Return codes are also useful for chaining together commands. For instance, if we are writing a Java program, we might want to compile it and, if the compilation is successful, then run the program. This can be done with the && operator:

ifinlay@cpsc:~$ javac Program.java && java Program

This command combines two commands on one line. The first command, javac Program.java, says to compile Program.java which is a command that may succeed (if the program compiles cleanly), or fail (if the program has errors). The second command, java Program runs the program. The && operator runs the first command and, only if it is successful, runs the second command afterwards.

Note: You may wonder at the usefulness of this, but by using the up arrow to repeat the last command, you can rerun both commands together instead of doing them one at a time, which is more efficient

There is also an || operator which also uses the return code of the first command to determine whether to run the second.
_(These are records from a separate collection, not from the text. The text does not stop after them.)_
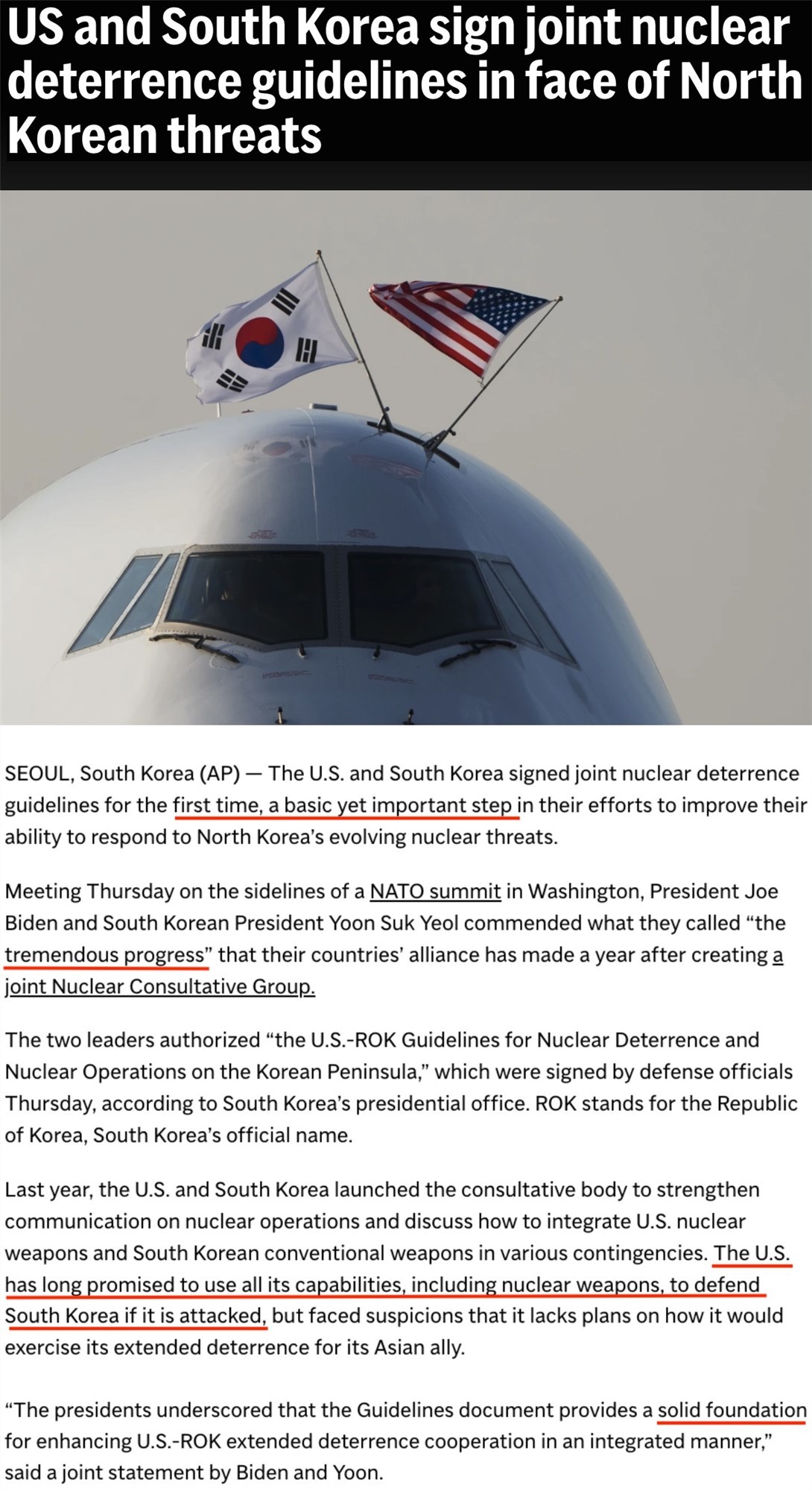 本月11日,在北約華盛頓峰會(huì)間隙,美韓兩國國防部官員簽署《美韓關(guān)于朝鮮半島核威懾與核作戰(zhàn)的指導(dǎo)方針》。這也是兩國首次簽署此類文件,被認(rèn)為是“兩國努力提高應(yīng)對朝鮮核威脅能力的基本且重要的一步”。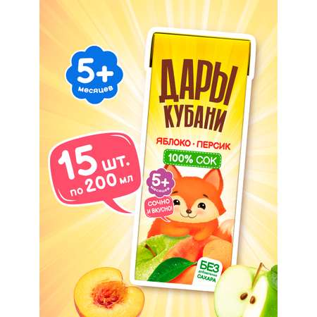 Сок детский Дары Кубани яблочно-персиковый без сахара с мякотью с 5 мес 15 шт по 200 мл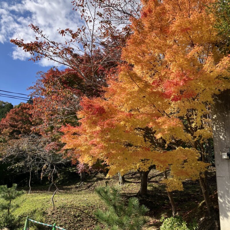 | G | 西光寺 | 八木町美里 | 11月下旬 ~12月上旬 | ・グラデーションが青空に映える華麗な紅葉 ・JR吉富駅から1㎞強の場所 |

Unlike && which runs the second command if the first succeeds, || only runs the second command when the first fails.

This is commonly used to put error messages onto commands that fail. For instance, we could run:

ifinlay@cpsc:~$ javac Program.java || echo "Compilation failed"

If the compilation step fails, then the echo command will run. Otherwise, it will not.
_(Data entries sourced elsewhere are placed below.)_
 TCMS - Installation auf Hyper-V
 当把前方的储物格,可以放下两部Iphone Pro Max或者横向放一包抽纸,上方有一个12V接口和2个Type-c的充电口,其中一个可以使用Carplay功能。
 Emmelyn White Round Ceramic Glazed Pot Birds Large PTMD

These are most useful for scripting, but are occasionally useful for interactive use as well. They are also often used in command line instructions, such as those telling us how to install or configure software, so they are good to know.

Another way of combining commands is with the ; operator. This connects two commands and simply runs them in sequence, regardless of whether or not the first one is successful or not:

ifinlay@cpsc:~$ echo "Hello"; echo "There"
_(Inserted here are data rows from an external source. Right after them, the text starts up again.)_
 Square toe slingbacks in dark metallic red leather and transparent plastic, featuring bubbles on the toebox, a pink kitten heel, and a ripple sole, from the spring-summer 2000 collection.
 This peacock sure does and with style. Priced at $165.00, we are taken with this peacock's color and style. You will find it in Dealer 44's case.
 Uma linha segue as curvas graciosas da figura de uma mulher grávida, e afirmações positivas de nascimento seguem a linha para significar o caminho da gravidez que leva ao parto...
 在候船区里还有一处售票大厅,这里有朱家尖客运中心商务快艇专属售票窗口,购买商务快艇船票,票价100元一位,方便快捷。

This command will run the first echo, then the second. This is helpful when we want to run multiple commands as one unit. For example, if we are compiling, then running, then editing a program, we would need different commands for each of these. Instead, we can do something like the following:

ifinlay@cpsc:~$ javac Program.java && java Program; sleep 1; vim Program.java

This will compile the program, then if the compilation was successful, runs it. The command then sleeps for one second (so we can check the output of compiling and running it), then open it back up in Vim. Note that the sleep and vim commands will happen regardless of whether the compilation succeeds or not.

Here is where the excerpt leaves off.